My priority in the first iteration was to be able to get everything up and running for as cheap and fast as possible and learn as much as possible. All bare metal in this iteration are consumer/prosumer grade for this reason.
Bare Metal
- Networking
- Router: Unifi Dream Machine Special Edition (UDM SE)
- Wifi Access points: Unifi U6-LR
- Control Plane
- Intel NUC 11 (32 gb DDR4 RAM)
- Hypervisor: VMWare
- Ubuntu VMs
- Hypervisor: VMWare
- Intel NUC 11 (32 gb DDR4 RAM)
- Data Plane
- Synology DS1621+ (2gb ECC RAM)
A few of these items are no longer easily accessible at the time of writing (the NUC and Synology NAS). This hardware carried me for almost 5 years and ran pretty much everything I needed.
Though the deployment was quick, it was PAINFUL to maintain. So painful in fact that it almost killed my entire passion for home labs. This was for a variety of reasons:
Learnings
I hate VMWare
Administering VMs directly was an a nightmare. At some point I tracked the number of times the VMs failed at some point (disconnecting from network, services dying, VMs crashing) and I was intervening 3/4 times a week.
Every little thing was manual; updating, mounting network drives, etc... This sucked.
This was all while I was starting out my career too so it resulted in a lot of wasted energy. I got fed up with VMWare really quickly
IO limits is a thing
Spinning rust (also known as Hard Disks lol) are physically limited to how many operations they can do per second as each time a random read/write occurs, the disk physically spins to find the location of a block. This is exaserbated when the OS needs to perform this more often if results of operations aren't stored in cache or memory causing an issue called disk thrashing, heavily degrading performance (and the life of your drives)
Building systems on the cloud makes this invisible. You upload to S3 and you defer thinking about IO to S3 engineers. Need for IO for a managed OpenSearch instance? Change a config to increase IO or change your storage type and AWS will migrate it for you.
But when you're running your own bare metal, you literally have to plan ahead with the types of workloads you're expecting running. Things like how much ram you need to prevent disk thrashing, how much IO your drives expect to handle, etc...I did not do this and thought 2gb of ECC ram would be enough (surprise! ~ It wasn't).
I only realized this when it started to take 2 minutes to load the Synology WebUI every time as the system was running p75 ~95% capacity of IOPs .
Underestimating operations
I did not automate ANYTHING operations and naively believed that a hypervisor and ubuntu and apt update was enough...
I was the monitoring, the maintenance.
No SLA means low standards means poor service
The implications of failure modes with bare metal are much more significant than one of software.

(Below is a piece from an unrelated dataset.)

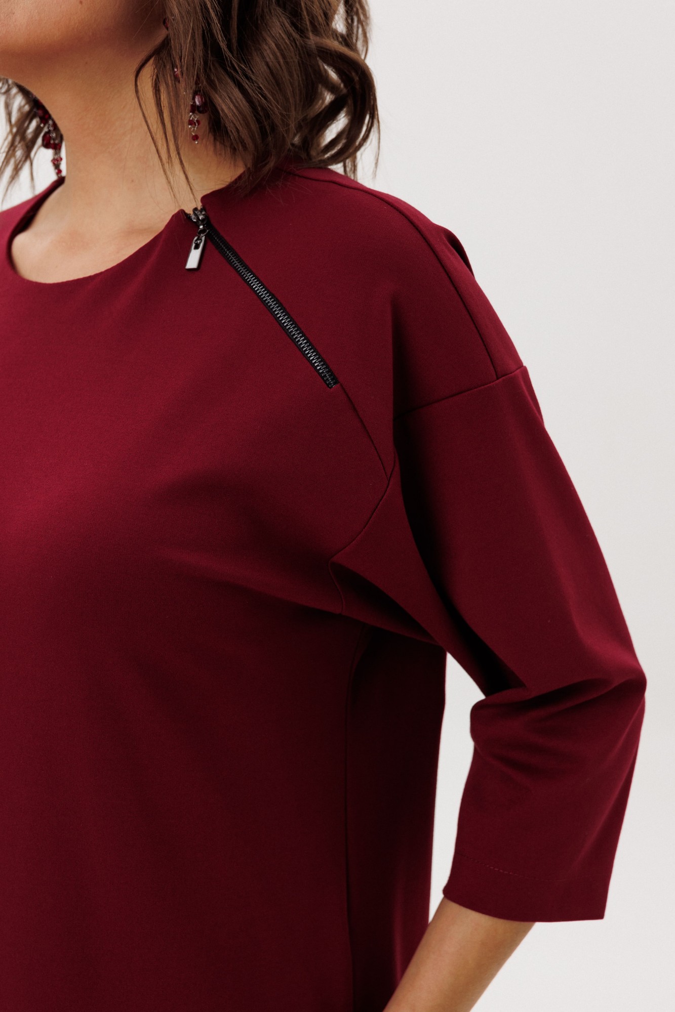 Спущенная линия плеча и свободный рукав три четверти подчеркивают изящество запястья и не сковывают движения.

You can always run more software images with extra commands on the same machine, but if that machine goes down, then everything on that goes down.
I never put an expectation of how "online" my services should be (heck I didn't even understand that when I started).
As a result, when my NUC went down, everything was down, even my internet. That is okay if you're the only consumer, but not so much if people depend on your infrastructure...
No 3-2-1
3 copies, 2 onsite, 1 offsite
I had a SINGLE Data Plane node. One bad incident or one wrong command and goodbye all data. I lived like this for almost 7 years..... The fear of losing everything lived in the back of my mind this entire time.
(Pro/Con)sumer is usage but inflexible
Over time I learnt very quickly that prosumer is very constrained on native capabilities. Many features are either not implemented or intentionally unsupported to keep users locked into these ecosystems. Some examples are;
- Synology
- Limiting rsync folder cloning to only Synology branded NAS'
- Workarounds can be done (i.e syncthing), rsync CLI but isn't easy to perform or optimal
- Most consumer hardware will be flagged by the synology system as "incompatible" even if it is perfectly fine to use
- DS1621+ only uses SODIMM memory
- Requires using BTRFS filesystem (ZFS generally not supported)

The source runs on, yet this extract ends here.